The study uncovered regions already known to be high-risk areas for ship strikes: North America’s Pacific coast, Panama, the Arabian Sea, Sri Lanka, the Canary Islands and the Mediterranean Sea. But it also identified understudied regions at high risk for whaleship collisions, including southern Africa; South America along the coasts of Brazil, Chile, Peru and Ecuador; the Azores; and East Asia off the coasts of China, Japan and South Korea.

The international team behind the study, which includes researchers across five continents, looked at the waters where these four whale species live, feed and migrate by pooling data from disparate sources — including government surveys, sightings by members of the public, tagging studies and even whaling records. The team collected some 435,000 unique whale sightings. They then combined this novel database with information on the courses of 176,000 cargo vessels from 2017 to 2022 — tracked by each ship’s automatic identification system and processed using an algorithm from Global Fishing Watch — to identify where whales and ships are most likely to meet.

Measures on North American Pacific Coast and Mediterranean

The team found that mandatory measures to reduce whale-ship collisions were very rare, overlapping just 0.54% of blue whale hotspots and 0.27% of humpback hotspots, and not overlapping any fin or sperm whale hotspots. Though many collision hotspots fell within marine protected areas, these preserves often lack speed limits for vessels, as they were largely established to curb fishing and industrial pollution. For all four species the vast majority of hotpots for whale-ship strikes — more than 95% — hugged coastlines, falling within a nation’s exclusive economic zone. That means that each country could implement its own protection measures in coordination with the U.N.’s International Maritime Organization.

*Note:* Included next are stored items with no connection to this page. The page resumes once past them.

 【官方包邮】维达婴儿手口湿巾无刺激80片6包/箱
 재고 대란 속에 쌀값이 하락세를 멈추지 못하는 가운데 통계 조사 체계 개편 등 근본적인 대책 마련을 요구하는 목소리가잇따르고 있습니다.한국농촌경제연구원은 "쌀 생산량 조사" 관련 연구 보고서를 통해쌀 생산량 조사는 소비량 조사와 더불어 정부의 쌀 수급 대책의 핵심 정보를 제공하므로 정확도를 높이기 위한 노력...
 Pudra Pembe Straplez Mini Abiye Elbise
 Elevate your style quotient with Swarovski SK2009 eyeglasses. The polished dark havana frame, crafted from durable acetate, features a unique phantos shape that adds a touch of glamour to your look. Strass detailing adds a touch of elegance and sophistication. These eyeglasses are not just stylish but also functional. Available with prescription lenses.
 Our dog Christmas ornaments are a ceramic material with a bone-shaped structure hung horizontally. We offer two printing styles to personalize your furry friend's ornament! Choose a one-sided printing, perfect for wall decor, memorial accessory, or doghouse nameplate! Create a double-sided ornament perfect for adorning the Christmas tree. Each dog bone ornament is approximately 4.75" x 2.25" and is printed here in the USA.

Of the limited measures now in place, most are along the Pacific coast of North America and in the Mediterranean Sea. In addition to speed reduction, other options to reduce whale-ship strikes include changing vessel routings away from where whales are located, or creating alert systems to notify authorities and mariners when whales are nearby.

“Lowering vessel speed in hotspots also carries additional benefits, such as reducing underwater noise pollution, reducing greenhouse gas emissions, and cutting air pollution, which helps people living in coastal areas,” said lead author Anna Nisi.